# Newbie question - italian dark roast strength, beans, medium roast



## wilse (Nov 14, 2013)

I've come to realise I know 'not a lot' about beans!

I generally buy Italian blend/roast beans from the Supermarket. As I prefer strong coffee, I usually look for strength 5 for example.

I notice the majority of beans on sites like Rave etc, are medium roast.

If you liked strong coffee, would you buy the strongest beans you can, or would you buy medium roast and pull less water through when brewing?

I'm not going to start weighing beans, as it seems a faff. I just want to grind and drink ;-)

My new grinder has a doser, which I've currently removed, as I don't like the idea of coffee hanging around in the doser, until the next time I use it, although It seems quite convenient... to measure the coffee... well... once set-up properly!

w


----------



## jeebsy (May 5, 2013)

What do you mean by strong?


----------



## wilse (Nov 14, 2013)

Erh not weak... Sorry! hahaha

I suppose strong, fairly bitter, weighty I suppose.


----------



## jeebsy (May 5, 2013)

Roasty?
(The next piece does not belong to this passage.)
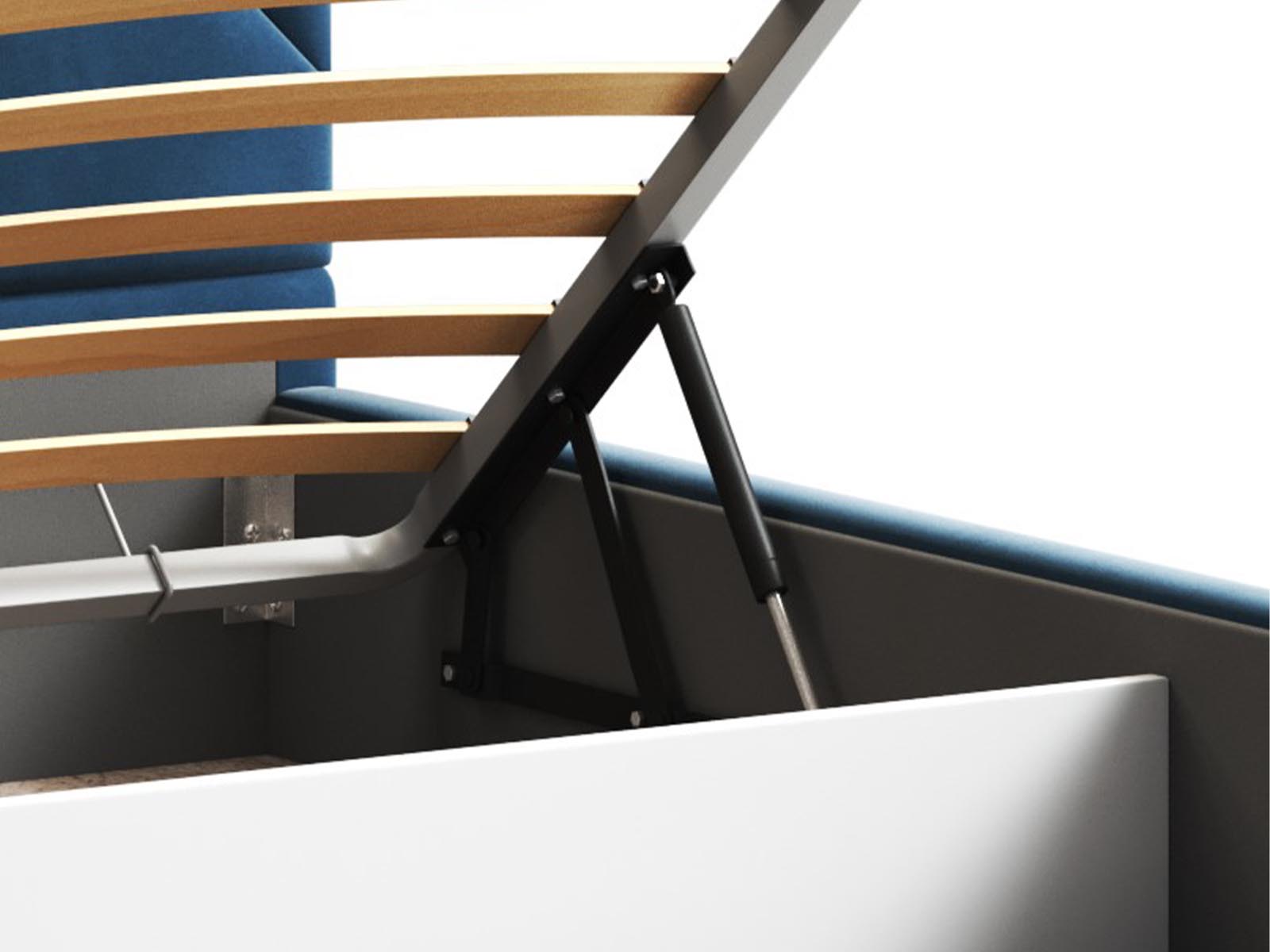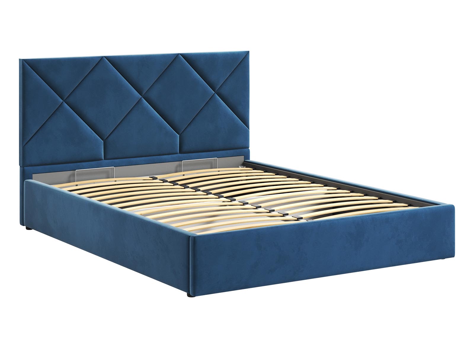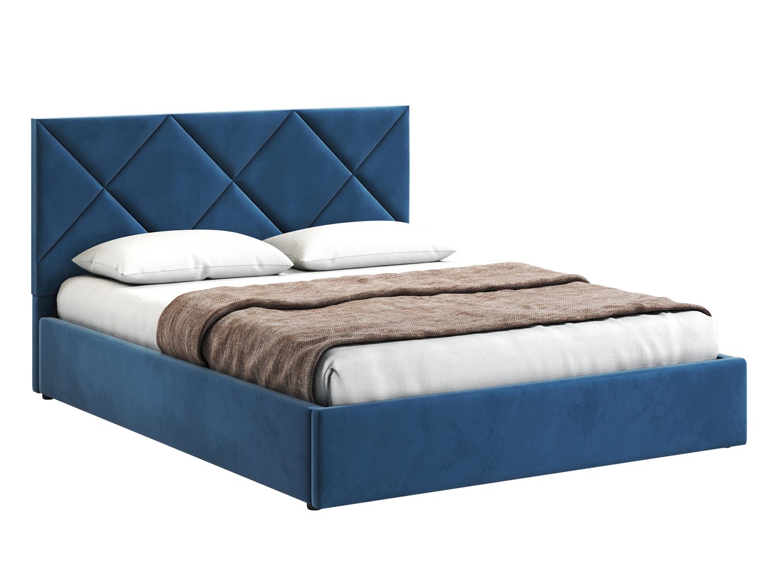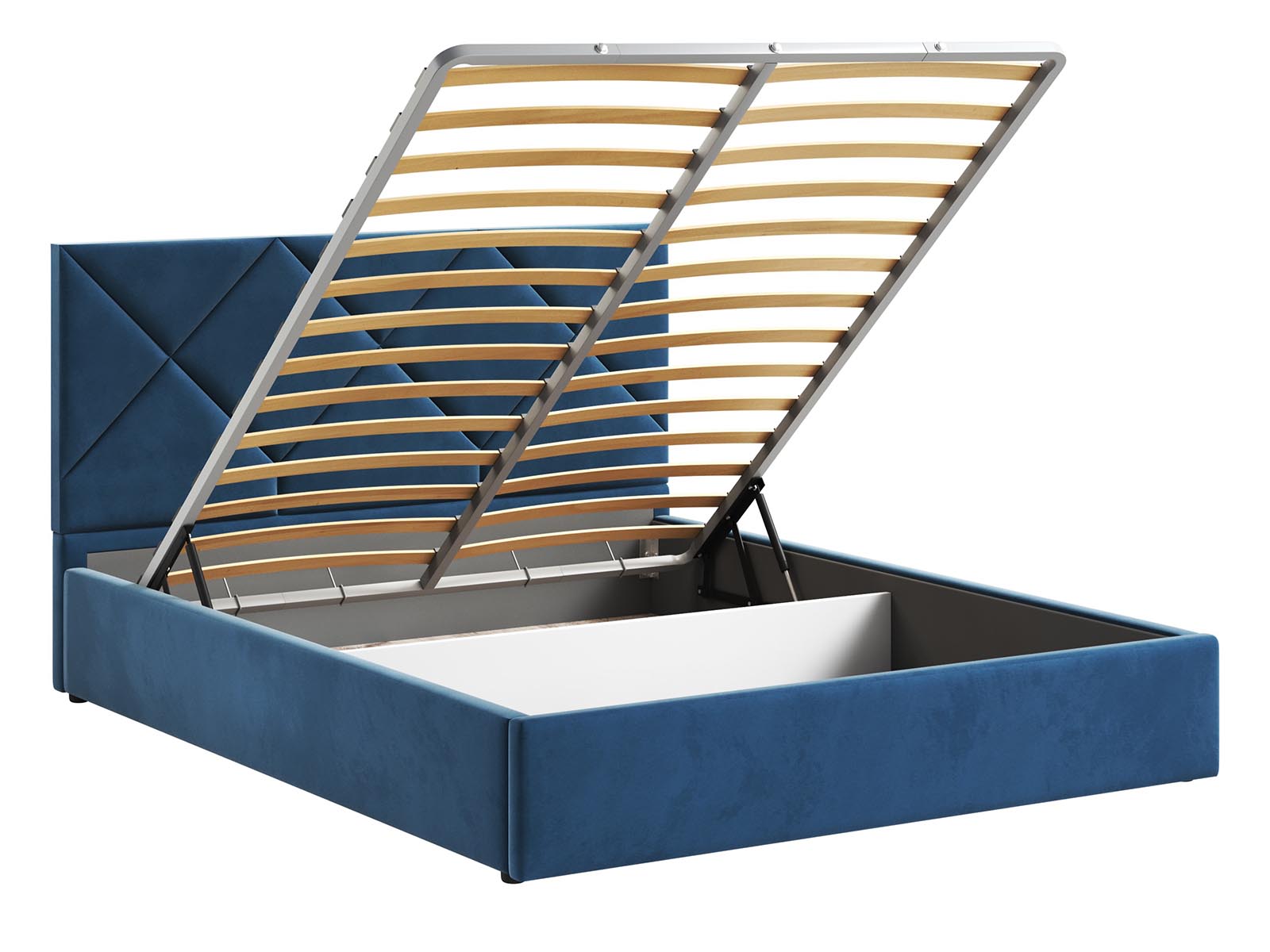 Кровать Венера-6 двуспальная с подъемным механизмом, с мягким изголовьем, ортопедическое основание, ящик для белья, велюр bingo denim

Intense flavours like dark chocolate?


----------



## wilse (Nov 14, 2013)

Difficult for me to think in those terms... I'm not one of those that can identify vanilla and hollyhocks in wine... can't say I've noticed chocolate flavours in my coffee... occasionally the smell of old ashtrays, when I've forgotten to empty the porta filter!... although I would probably say yes to the intense angle.


----------



## jeebsy (May 5, 2013)

Coffee compass is one of the go to roasters for people who prefer dark beans, check them out


----------



## Eyedee (Sep 13, 2010)

Limini is on your doorstep in Bradford, they dark roast, try their Limini blend first.

Ian


----------



## El Cabron (Nov 23, 2013)

What i've found to be the strongest tasting beans i've tried are monsooned malabar and old brown java, they put hairs on your chest mate.


----------